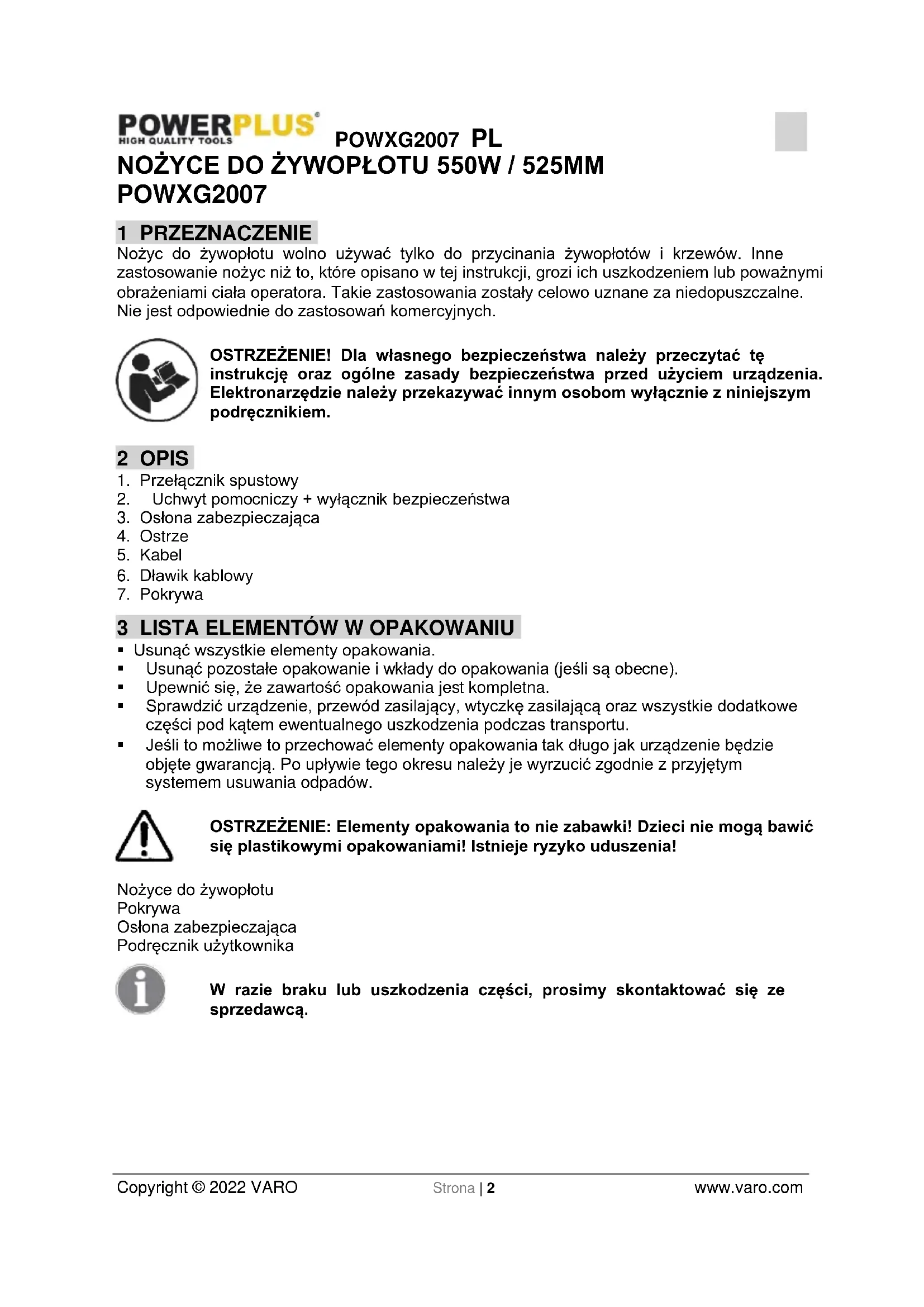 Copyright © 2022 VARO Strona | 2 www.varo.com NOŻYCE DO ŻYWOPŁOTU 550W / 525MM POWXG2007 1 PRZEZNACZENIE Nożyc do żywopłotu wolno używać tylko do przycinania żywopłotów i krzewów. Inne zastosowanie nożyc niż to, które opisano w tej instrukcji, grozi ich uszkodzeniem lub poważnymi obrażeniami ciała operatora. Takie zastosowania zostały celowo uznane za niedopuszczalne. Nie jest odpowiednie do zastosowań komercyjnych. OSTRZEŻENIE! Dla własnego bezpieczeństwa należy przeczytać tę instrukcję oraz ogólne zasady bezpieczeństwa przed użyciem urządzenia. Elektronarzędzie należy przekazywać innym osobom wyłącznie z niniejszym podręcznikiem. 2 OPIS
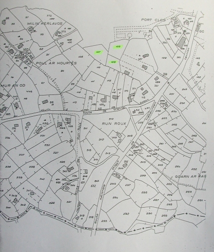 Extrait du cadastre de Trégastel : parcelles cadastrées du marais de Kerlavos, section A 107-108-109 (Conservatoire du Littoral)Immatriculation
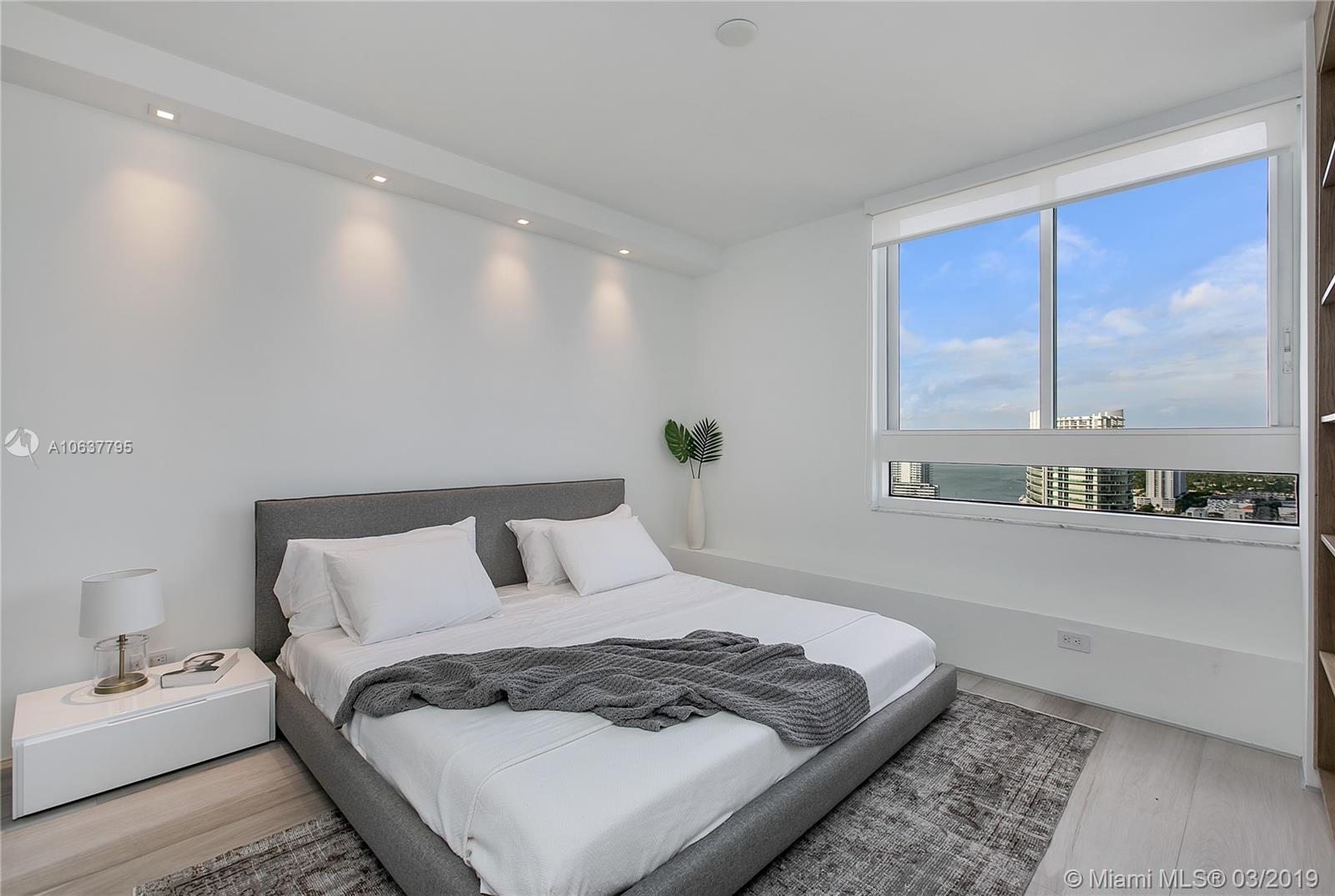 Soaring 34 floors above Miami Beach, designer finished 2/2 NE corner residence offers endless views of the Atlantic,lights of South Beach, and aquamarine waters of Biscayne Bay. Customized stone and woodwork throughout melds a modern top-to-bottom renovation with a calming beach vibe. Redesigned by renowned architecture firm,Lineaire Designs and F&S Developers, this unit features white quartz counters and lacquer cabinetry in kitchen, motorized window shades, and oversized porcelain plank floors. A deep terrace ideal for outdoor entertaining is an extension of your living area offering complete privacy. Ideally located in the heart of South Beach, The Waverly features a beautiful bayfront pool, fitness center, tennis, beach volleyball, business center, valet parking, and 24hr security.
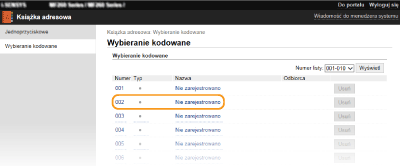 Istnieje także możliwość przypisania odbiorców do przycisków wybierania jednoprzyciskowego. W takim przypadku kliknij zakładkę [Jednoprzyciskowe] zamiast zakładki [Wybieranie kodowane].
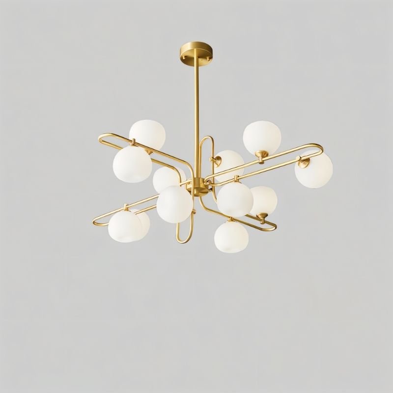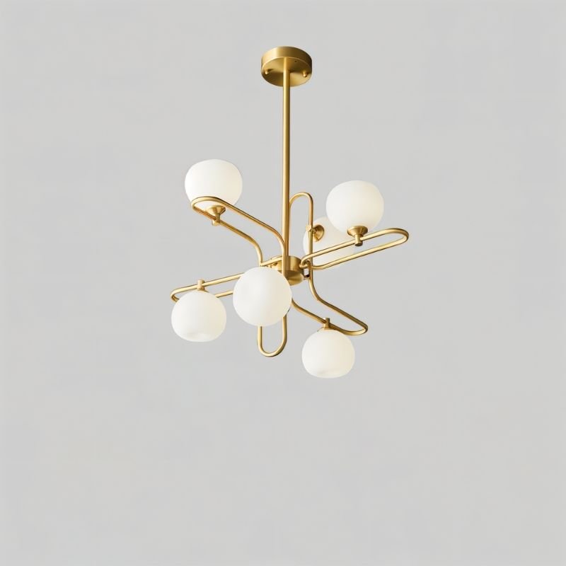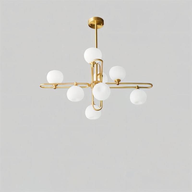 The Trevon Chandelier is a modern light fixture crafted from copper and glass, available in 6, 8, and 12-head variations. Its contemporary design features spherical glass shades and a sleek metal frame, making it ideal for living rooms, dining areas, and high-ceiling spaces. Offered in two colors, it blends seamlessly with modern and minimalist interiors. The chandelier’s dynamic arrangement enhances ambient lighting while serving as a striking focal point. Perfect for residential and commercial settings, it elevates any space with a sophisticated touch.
==========
■ **PROBLEM DETAILS**:
Output the data verbatim, images excluded.

■ **ANSWER SECTION**:
 Copyright © 2022 VARO Strona | 2 www.varo.com NOŻYCE DO ŻYWOPŁOTU 550W / 525MM POWXG2007 1 PRZEZNACZENIE Nożyc do żywopłotu wolno używać tylko do przycinania żywopłotów i krzewów. Inne zastosowanie nożyc niż to, które opisano w tej instrukcji, grozi ich uszkodzeniem lub poważnymi obrażeniami ciała operatora. Takie zastosowania zostały celowo uznane za niedopuszczalne. Nie jest odpowiednie do zastosowań komercyjnych. OSTRZEŻENIE! Dla własnego bezpieczeństwa należy przeczytać tę instrukcję oraz ogólne zasady bezpieczeństwa przed użyciem urządzenia. Elektronarzędzie należy przekazywać innym osobom wyłącznie z niniejszym podręcznikiem. 2 OPIS
 Extrait du cadastre de Trégastel : parcelles cadastrées du marais de Kerlavos, section A 107-108-109 (Conservatoire du Littoral)Immatriculation
 Soaring 34 floors above Miami Beach, designer finished 2/2 NE corner residence offers endless views of the Atlantic,lights of South Beach, and aquamarine waters of Biscayne Bay. Customized stone and woodwork throughout melds a modern top-to-bottom renovation with a calming beach vibe. Redesigned by renowned architecture firm,Lineaire Designs and F&S Developers, this unit features white quartz counters and lacquer cabinetry in kitchen, motorized window shades, and oversized porcelain plank floors. A deep terrace ideal for outdoor entertaining is an extension of your living area offering complete privacy. Ideally located in the heart of South Beach, The Waverly features a beautiful bayfront pool, fitness center, tennis, beach volleyball, business center, valet parking, and 24hr security.
 Istnieje także możliwość przypisania odbiorców do przycisków wybierania jednoprzyciskowego. W takim przypadku kliknij zakładkę [Jednoprzyciskowe] zamiast zakładki [Wybieranie kodowane].
 The Trevon Chandelier is a modern light fixture crafted from copper and glass, available in 6, 8, and 12-head variations. Its contemporary design features spherical glass shades and a sleek metal frame, making it ideal for living rooms, dining areas, and high-ceiling spaces. Offered in two colors, it blends seamlessly with modern and minimalist interiors. The chandelier’s dynamic arrangement enhances ambient lighting while serving as a striking focal point. Perfect for residential and commercial settings, it elevates any space with a sophisticated touch.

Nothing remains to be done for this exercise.